Regular physical exercise, especially resistance-type exercise training, and higher protein intake than the one recommended for the general adult population are both recommended for obese individuals who undertake weight loss programs. In fact, high protein diets, as introduced above, are more satiating than carbohydrates and fats on a basis of an equal energy content. High protein diets are effective in attenuating the loss of lean mass which parallel weight loss [140,141]. Physical exercise appears also effective for reducing the loss of lean mass in cases of body weight reduction [142,143,144] and thus can act in conjunction with high protein diets.
Regarding supplementation with amino acids, the effects of such supplementation on the maintenance of the lean body have been documented in the dietary context of lower protein intake when associated with physical exercise [145]. In obese adults recruited for a four-week randomized controlled trial, meal replacement containing 6 g proteins and enriched with 16 g of a mixture of indispensable amino acids showed beneficial effects on the skeletal muscle cross-sectional area when compared to isoenergetic standard meal replacement containing 16 g protein but no supplement [146]. However, in this trial, the meal replacement mixtures were not isonitrogenous. Amino acid supplementation has been tested in a randomized controlled study with adult men characterized by severe obesity who undergo a 4-week intervention program. This program associates a low-calorie balanced diet with a physical activity program. In such a situation, supplementation with a mixture of indispensable amino acids together with citrate, succinate, and malate was found to be able to increase muscle mass when compared with the control group receiving no supplements [147]. However, the respective roles of the amino acids and of the tricarboxylic acid intermediates could not be identified in this study.

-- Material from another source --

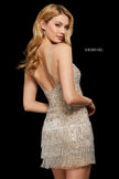 Cocktail length beaded dress with V neckline and beaded fringe at hem.

Further work is obviously needed to document the interest of supplements with mixtures of specific amino acids associated with high protein diets and physical exercise for limiting the risk of sarcopenia in overweight and obese individuals with marked weight loss.

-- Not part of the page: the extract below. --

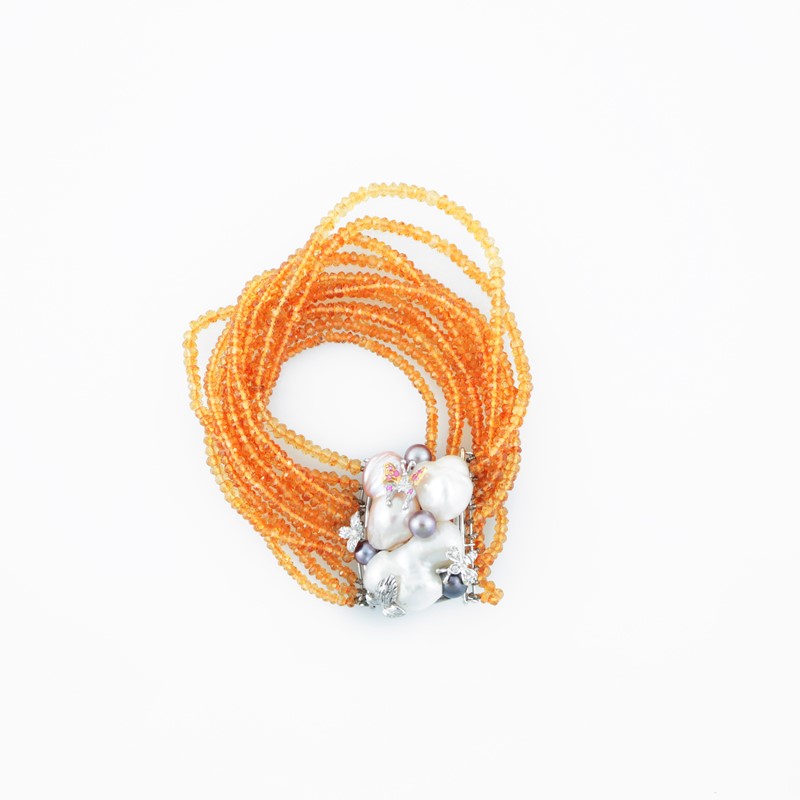 a undici fili di quarzo sfaccettato con chiusura in oro bianco, ornata da perle scaramazze e motivi vegetali, gr. 46 ca.

3.5. Amino Acid Supplementation in Metabolic Syndrome

Metabolic syndrome refers to the co-occurrence of several heterogenous parameters including biochemical anomalies, physiological dysfunctions, and anthropometric characteristics. Although the list of these parameters may differ between scientists, they usually gather criteria such as dyslipidemia (such as hypertriglyceridemia, reduced high-density lipoprotein (HDL) cholesterolemia), hyperglycemia, insulin resistance, endothelial dysfunction, elevated arterial blood pressure, and abdominal obesity [148,149]. Other parameters such as microalbumineria and non-alcoholic fatty liver may be included as parts of parameters which define metabolic syndrome [150,151]. The occurrence of several of these parameters in each individual correlates with increased risks of cardiovascular adverse events and of type 2 diabetes [152,153].

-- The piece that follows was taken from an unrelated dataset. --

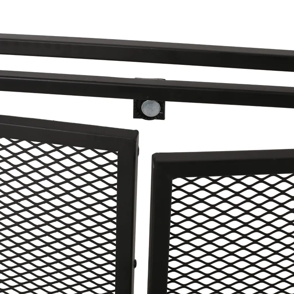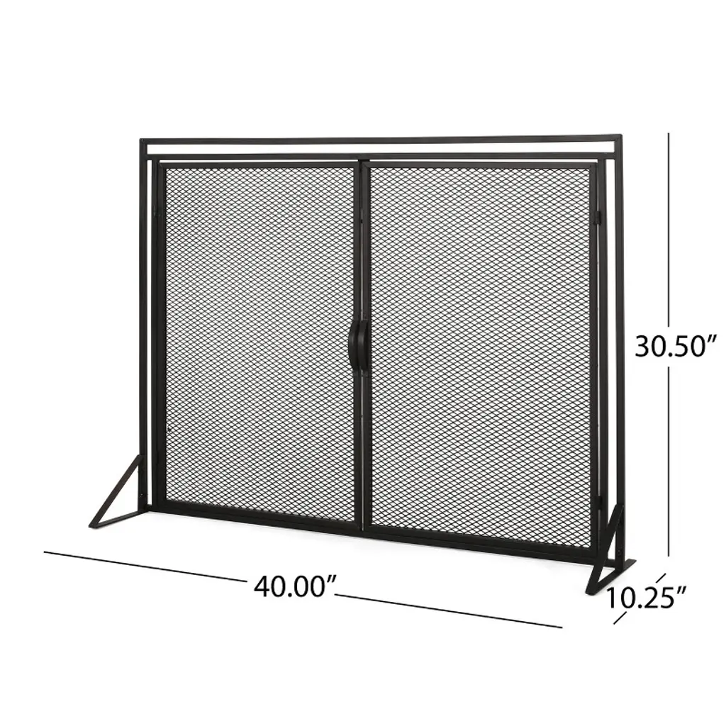 Angel Sar Modern Fireplace Screen With Access Doors, 40''w Iron Fire Screen With Matte Finish For Indoor Fireplace Safety, Black

From some clinical trials and experimental studies, there are some indications that supplementation with a mixture of indispensable amino acids or individual amino acids such as arginine, leucine, glycine, histidine, and isoleucine can alleviate one or several criteria usually associated with metabolic syndrome.
In a randomized controlled clinical trial, arginine supplementation (8.3 g/day) added to a hypocaloric diet for 21 days, when combined with exercise training in obese and insulin-resistant type 2 diabetic patients, exerts an additive effect on glucose metabolism and insulin sensitivity when compared to dietary restriction and exercise training alone [154]. In a double blind, randomized controlled study with type 2 diabetic patients, arginine in supplements (9 g/day) given for one month significantly improves peripheral and hepatic insulin sensitivity [155]. Furthermore, in a randomized controlled study, a single dose of arginine (8 g) given to hypertensive patients was able to induce post-exercise lower systolic blood pressure [156]. In a double blind, randomized controlled clinical trial, long-term (18 months) oral arginine supplementation (6.4 g/day) improved insulin sensitivity in volunteers with impaired glucose tolerance [157]. Lastly, intravenous infusion of arginine in obese individuals improved insulin sensitivity and restored the insulin-mediated vasodilatation [158]. Some of the effects of arginine may be partly related to the role of this amino acid as a precursor for nitric oxide (NO) synthesis by nitric oxide synthase activities, but this hypothesis must be confronted in new experiments. The rationale at the basis of these studies is that among the numerous physiological functions of NO, the generation of NO from arginine by the vascular endothelium appears essential for the regulation of blood flow and blood pressure [159,160].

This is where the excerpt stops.